Citroen C4 Picasso -

Used Car Review

Citroen C4 Picasso, front
Citroen C4 Picasso, front
Citroen C4 Picasso, front
Citroen C4 Picasso, rear
Citroen C4 Picasso, rear
Citroen C4 Picasso, rear
Citroen C4 Picasso, interior

I'VE had some marvellous holidays in various models of the Citroen Picasso and have driven many more over the years.

They were all good but the last space-age model is a marvellous family holdall that really is very hard to beat.

Produced since 2013, its forte is a truly comfortable ride for all inside - even those in the rearmost seats of the Grand Picasso seven seater - which is basically the same car.

Citroen still insist on calling all of them ‘C4' Picasso, and their very similar successor the C4 Space Tourer.

But no-one else I know ever uses the C4 moniker, because it is, and always has been, completely superfluous.

Whatever about the name this is a family car par excellence, right up there with the best the rest can offer and at prices to make them wince.

As well as that comfort, it also handles really well through the corners apart from steering that is a little lacking in feel.

All models have excellent grip and tenacious road holding, helped by minimal roll despite their tall stance on the road.

The engine choice over the models production period majors on diesels and the later ones are 1.6 and 2.0-litre units, which have made up the majority of sales.

The 1.6 is available with 90 or 115bhp, giving 0 to 62mph acceleration of 12.9 and 11.8 seconds. Best economy is an excellent 74mpg.

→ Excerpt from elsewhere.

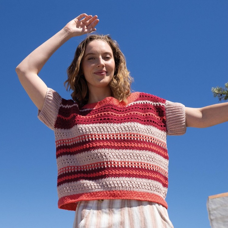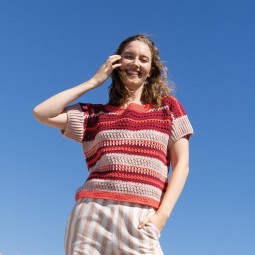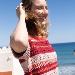 Un modèle de crochet à réaliser avec le fil Alabama de Katia. Le top se caractérise par des rayures irrégulières sur le corps et est réalisé avec différents point fantaisie expliqués dans le catalogue.

The other diesel is a 2.0-litre with 150bhp that covers the 62 miles an hour sprint in 9.7 seconds and is still capable of 68mpg with very low emissions.

The higher powered 1.6 and the 2.0-litre have either a six-speed manual gearbox, or a six-speed automatic, while the 90bhp model has a five-speed manual.

Petrol engines are 1.2 and 1.6-litre turbos with either 130 or 153bhp. The larger unit gets to 60 in under nine seconds and is capable of 47mpg, while the 1.2 takes 10 seconds for the sprint and can do 56mpg.

All the engines are smooth and quiet until revved, as is normal and all apart from the entry 90bhp diesel offer good to excellent acceleration through the gears.

Those concept car looks might not appeal to all, but they hide fantastic practicality thoughout the interior.

The all-digital instruments work well and there are a number of options selectable by the driver.

There is a huge amount of storage around the cabin and the massive boot will hold everything most families would need for two weeks holiday.

Rear passengers get three individual seats that slide fore and aft for more legroom and fold flat to give extra luggage space.

Even the front passenger seat folds flat, allowing long items to be carried home with ease.

Base VTR spec includes air conditioning, cruise control, alloy wheels, traction control, remote locking, electric windows, good stereo with remote control, and loads of airbags.

And just a couple of levels higher in Touch Edition spec, you get parking sensors, an alarm and heated electric mirrors.

Pay about £5,800 for a '14 14-reg XTR+ 1.6-litre eHDi diesel, or £11,200 for a '17 17-reg Feel BlueHDi 150 2.0-litre.